THE PROBLEM>
Exact reproduction is required for the lines below starting at the line with "This is part" and ending at the line with "通过感知层、执行层及应用层既", both included. No other lines, and no pictures.

[[ RECORDS open ]]

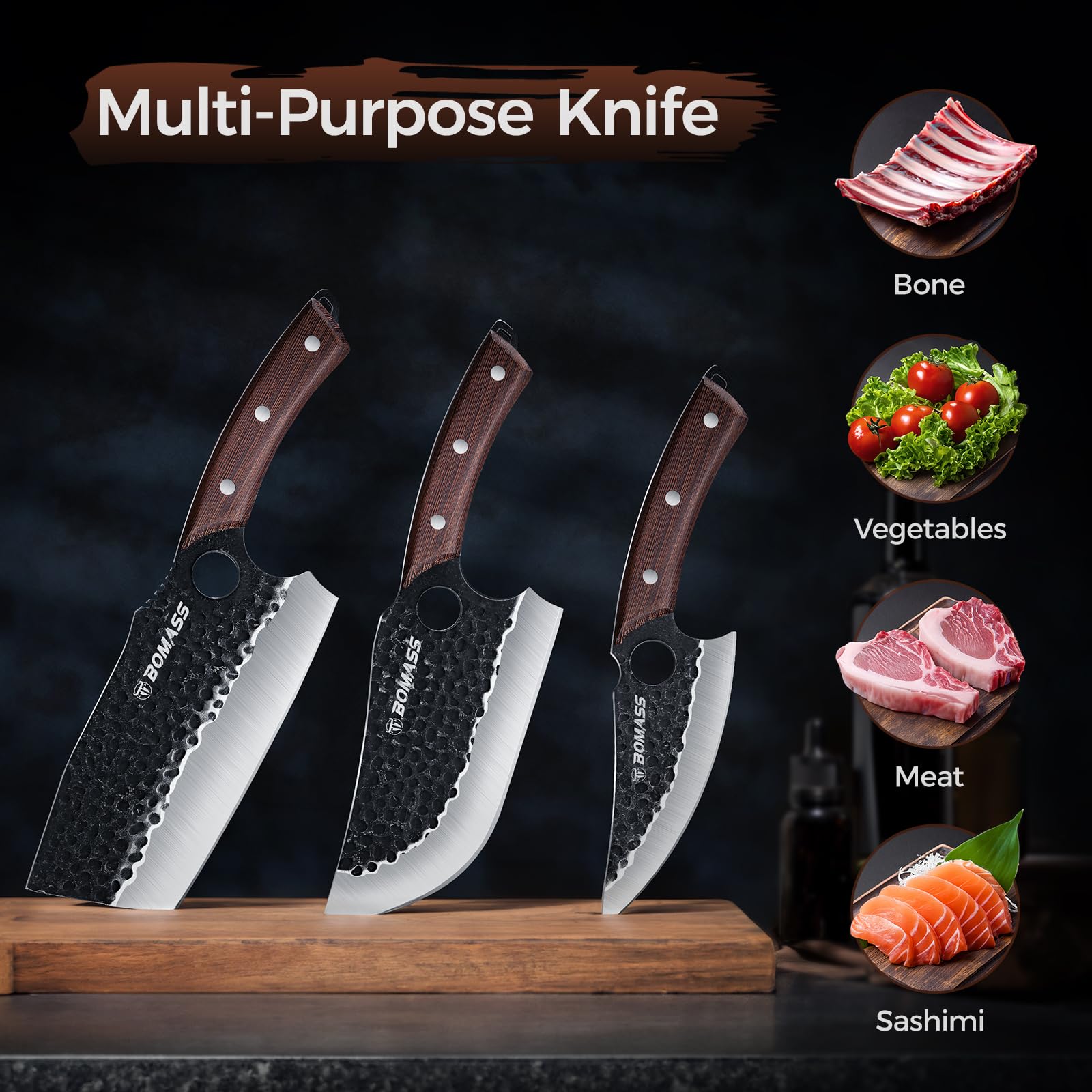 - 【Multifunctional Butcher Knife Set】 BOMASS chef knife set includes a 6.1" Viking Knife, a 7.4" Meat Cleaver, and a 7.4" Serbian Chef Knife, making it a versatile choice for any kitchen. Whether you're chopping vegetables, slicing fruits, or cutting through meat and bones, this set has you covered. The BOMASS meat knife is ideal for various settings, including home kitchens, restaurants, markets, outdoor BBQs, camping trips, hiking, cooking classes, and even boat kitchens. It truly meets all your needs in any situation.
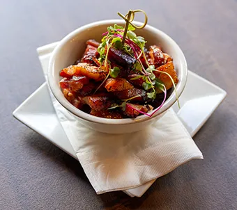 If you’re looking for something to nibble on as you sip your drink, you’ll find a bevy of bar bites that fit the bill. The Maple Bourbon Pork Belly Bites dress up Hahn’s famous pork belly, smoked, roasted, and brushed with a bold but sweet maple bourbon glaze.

[[ RECORDS closed ]]
[[ RECORDS open ]]

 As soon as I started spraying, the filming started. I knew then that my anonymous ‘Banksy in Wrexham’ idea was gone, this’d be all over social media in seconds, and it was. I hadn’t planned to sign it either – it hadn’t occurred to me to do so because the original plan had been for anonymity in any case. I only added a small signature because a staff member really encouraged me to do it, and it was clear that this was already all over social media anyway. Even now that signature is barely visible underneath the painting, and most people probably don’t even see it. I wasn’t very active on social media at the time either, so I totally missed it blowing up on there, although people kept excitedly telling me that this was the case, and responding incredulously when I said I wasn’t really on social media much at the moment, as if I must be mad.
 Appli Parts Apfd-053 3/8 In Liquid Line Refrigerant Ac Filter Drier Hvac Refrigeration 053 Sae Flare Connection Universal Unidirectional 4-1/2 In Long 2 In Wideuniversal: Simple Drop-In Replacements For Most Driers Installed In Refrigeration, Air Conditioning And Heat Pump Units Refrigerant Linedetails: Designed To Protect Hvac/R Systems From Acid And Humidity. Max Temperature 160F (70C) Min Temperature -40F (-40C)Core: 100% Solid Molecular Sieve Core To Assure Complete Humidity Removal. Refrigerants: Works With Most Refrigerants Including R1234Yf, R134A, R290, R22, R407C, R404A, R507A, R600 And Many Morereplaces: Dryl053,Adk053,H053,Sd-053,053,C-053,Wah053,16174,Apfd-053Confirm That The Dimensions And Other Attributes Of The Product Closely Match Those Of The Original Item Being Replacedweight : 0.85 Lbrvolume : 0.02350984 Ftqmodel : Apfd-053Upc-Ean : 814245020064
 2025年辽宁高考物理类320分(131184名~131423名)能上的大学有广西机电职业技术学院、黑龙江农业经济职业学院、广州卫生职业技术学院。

[[ RECORDS closed ]]
[[ RECORDS open ]]

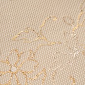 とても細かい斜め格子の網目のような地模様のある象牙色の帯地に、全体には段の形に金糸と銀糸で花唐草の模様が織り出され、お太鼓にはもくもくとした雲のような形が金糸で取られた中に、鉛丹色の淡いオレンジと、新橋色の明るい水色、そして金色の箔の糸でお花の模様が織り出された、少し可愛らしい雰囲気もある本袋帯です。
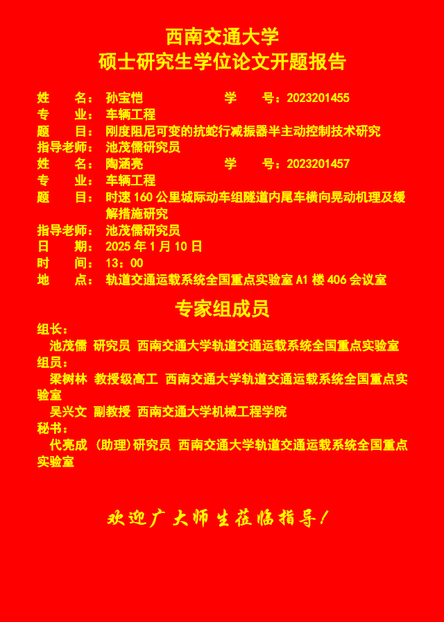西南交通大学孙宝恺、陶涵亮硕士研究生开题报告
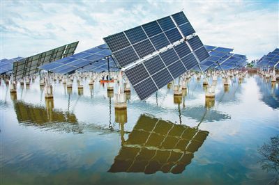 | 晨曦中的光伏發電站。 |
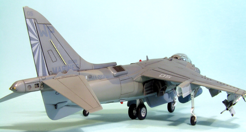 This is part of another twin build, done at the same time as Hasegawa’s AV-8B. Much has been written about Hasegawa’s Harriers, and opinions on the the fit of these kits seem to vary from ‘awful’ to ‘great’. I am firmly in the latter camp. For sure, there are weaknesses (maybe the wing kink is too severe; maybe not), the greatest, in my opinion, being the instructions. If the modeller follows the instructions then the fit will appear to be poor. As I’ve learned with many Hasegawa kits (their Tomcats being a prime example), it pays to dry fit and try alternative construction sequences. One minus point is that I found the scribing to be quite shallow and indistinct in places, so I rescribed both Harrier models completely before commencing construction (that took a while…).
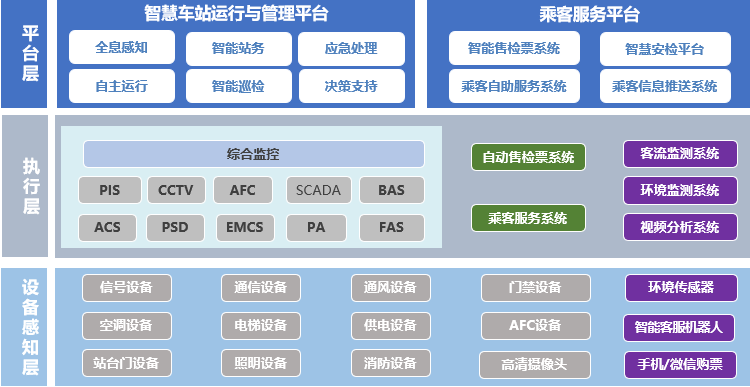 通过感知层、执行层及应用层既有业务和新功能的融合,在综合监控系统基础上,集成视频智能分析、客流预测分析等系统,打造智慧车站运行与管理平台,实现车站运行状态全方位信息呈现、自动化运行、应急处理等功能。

[[ RECORDS closed ]]

ANSWER AREA>
 This is part of another twin build, done at the same time as Hasegawa’s AV-8B. Much has been written about Hasegawa’s Harriers, and opinions on the the fit of these kits seem to vary from ‘awful’ to ‘great’. I am firmly in the latter camp. For sure, there are weaknesses (maybe the wing kink is too severe; maybe not), the greatest, in my opinion, being the instructions. If the modeller follows the instructions then the fit will appear to be poor. As I’ve learned with many Hasegawa kits (their Tomcats being a prime example), it pays to dry fit and try alternative construction sequences. One minus point is that I found the scribing to be quite shallow and indistinct in places, so I rescribed both Harrier models completely before commencing construction (that took a while…).
 通过感知层、执行层及应用层既有业务和新功能的融合,在综合监控系统基础上,集成视频智能分析、客流预测分析等系统,打造智慧车站运行与管理平台,实现车站运行状态全方位信息呈现、自动化运行、应急处理等功能。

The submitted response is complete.